Da ich noch eine Parallelinstallation mit (nein natürlich nicht mit Windows   :Cool:  ) mit OpenSuse hier habe und dort der Epson WF läuft, habe ich mir unter /opt dort mal den Filter angeschaut und siehe da, der hat nur ca 60 kb während mein selbstkompilierter nach oben erwähnter Anleitung rund 230 kb hat... also mal fix rüberkopiert, Gentoo gebootet und siehe da ... läuft... unglaublich...

Habe einige im Netz gefunden die das gleiche Problem hatten und keine Lösung...
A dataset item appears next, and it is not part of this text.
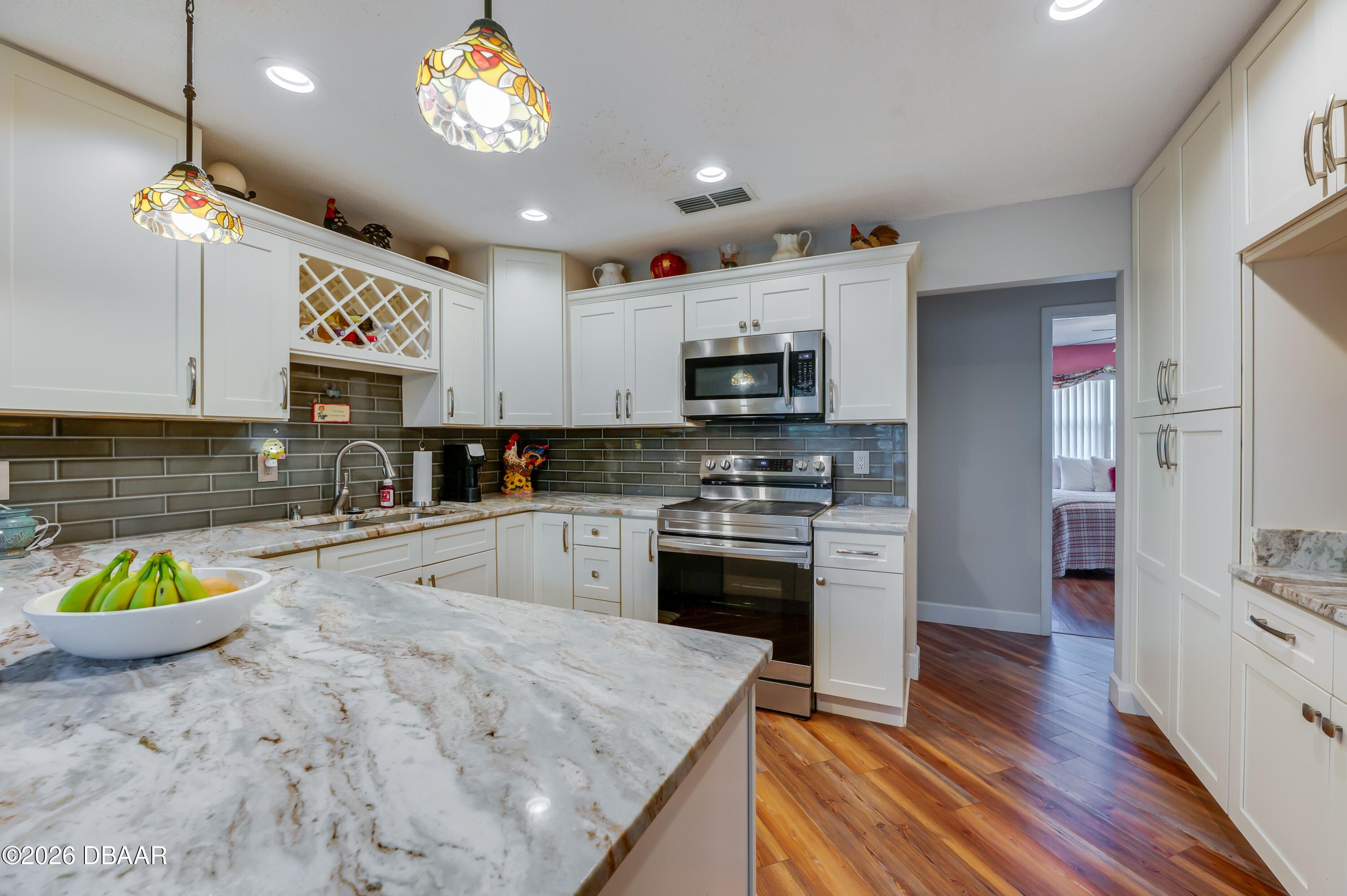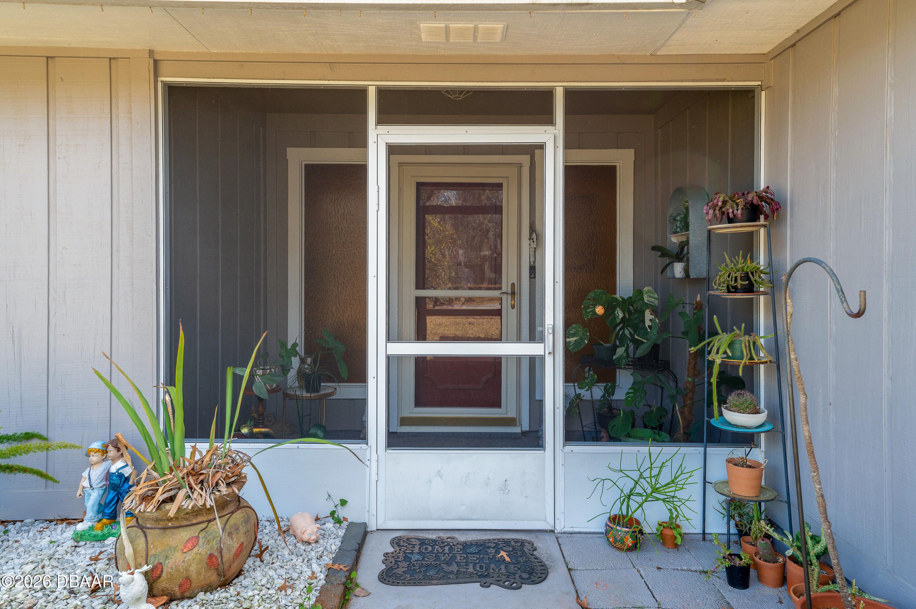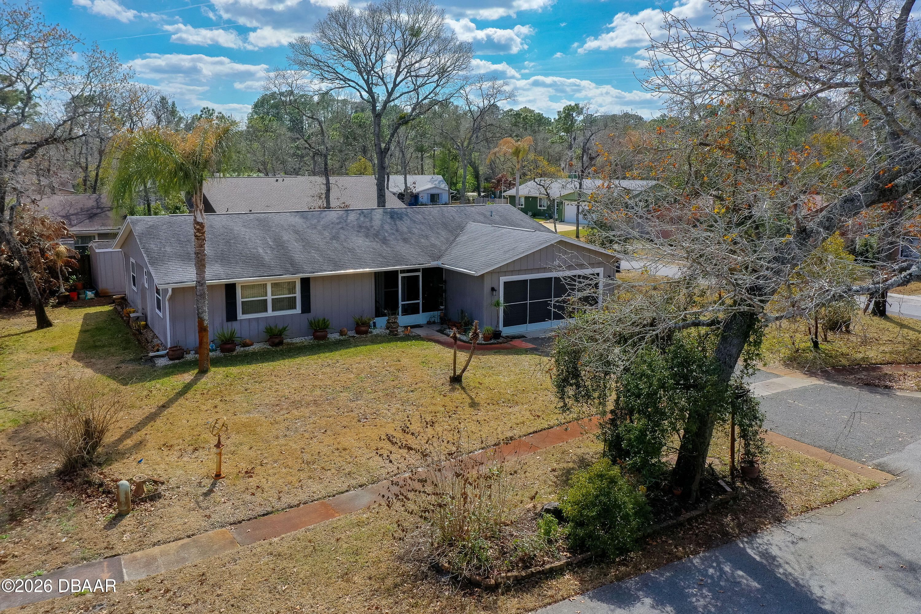 Corner-lot Gem in Summer Trees Family Section! No age restrictions. This beautifully maintained 3-bedroom, 2-bathroom home in Summer Trees offers 1,602 square feet of comfortable living space in the heart of Port Orange. This property combines inviting indoor spaces with peaceful outdoor surroundings. Inside, luxury vinyl flooring flows throughout, creating a cohesive and modern feel. The open living and dining area provides excellent flexibility for everyday living and entertaining with sliding glass doors that lead to the screened porch. The fully remodeled kitchen is a standout feature, showcasing granite countertops, white shaker-style cabinetry with soft-close drawers and a breakfast bar with seating. Generous counter space and floor-to-ceiling cabinetry offer both style and functionality. The primary suite is spacious and filled with natural light with direct access to the ensuite bath...Continued... Two additional bedrooms provide oversized and comfortable spaces for guests, hobbies, or a home office, while the second full bathroom includes a walk-in shower with glass enclosure and a vanity with storage. The spacious screened-in porch with tiled flooring overlooks the backyard, creating a peaceful setting for morning coffee or evening relaxation. A detached storage shed along the side yard provides convenient space for tools, lawn equipment, or seasonal items. Enjoy access to a community park with a lake and miles of walking paths surrounded by nature. The home is also conveniently close to shopping, dining, medical facilities, and major roadways, making daily errands and commuting simple and efficient. All information recorded in the MLS is intended to be accurate but cannot be guaranteed.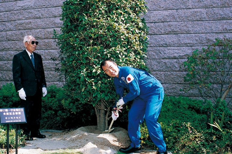 記念植樹の後、野口宇宙飛行士は、2階のセミナーホールにおいて、安藤百福をはじめ日清食品の関係者130名を前に「技術報告」を行った。このなかで野口宇宙飛行士から、「スペース・ラム」が宇宙では、機能的にも味の面でもパーフェクトであったこと、フライト2日目に最初に食べたのは「とんこつ味」であったこと、ロシア人、アメリカ人クルーにも「カレー味」「みそ味」が好評だったことなどが披露された。

Ist eigentlich ganz simpel:

Sourcen runterladen und Treiber nach obenstehendem Anleitungslink kompilieren Datei: epson-inkjet-printer-201211w-1.0.0-1lsb3.2.x86_64.tar und epson-inkjet-printer-201211w-1.0.0-1lsb3.2.src.tar ....

Alles nach Anleitung kompilieren, aber NICHT die epson-inkjet-printer-filter-1.0.0.tar.gz kompilieren, die in epson-inkjet-printer-201211w-1.0.0-1lsb3.2.src.tar enthalten ist, SONDERN DIE BEREITS IM VERZEICHNISS VORHANDENE nutzen... (ca. 65000 Kbyte)

Dann klappts auch mit dem Epson ...   :Laughing: 

Puhhh, war das ne Geburt  :Smile: 

Liebe Grüße und ich hoffe, das ich jetzt auch mal anderen helfen konnte!

aus dem Oberbergischen

Thorsten

Die

----------

## wols

Hallo und Danke!

Ich habe das '*.src.rpm' heute gar nicht gebraucht.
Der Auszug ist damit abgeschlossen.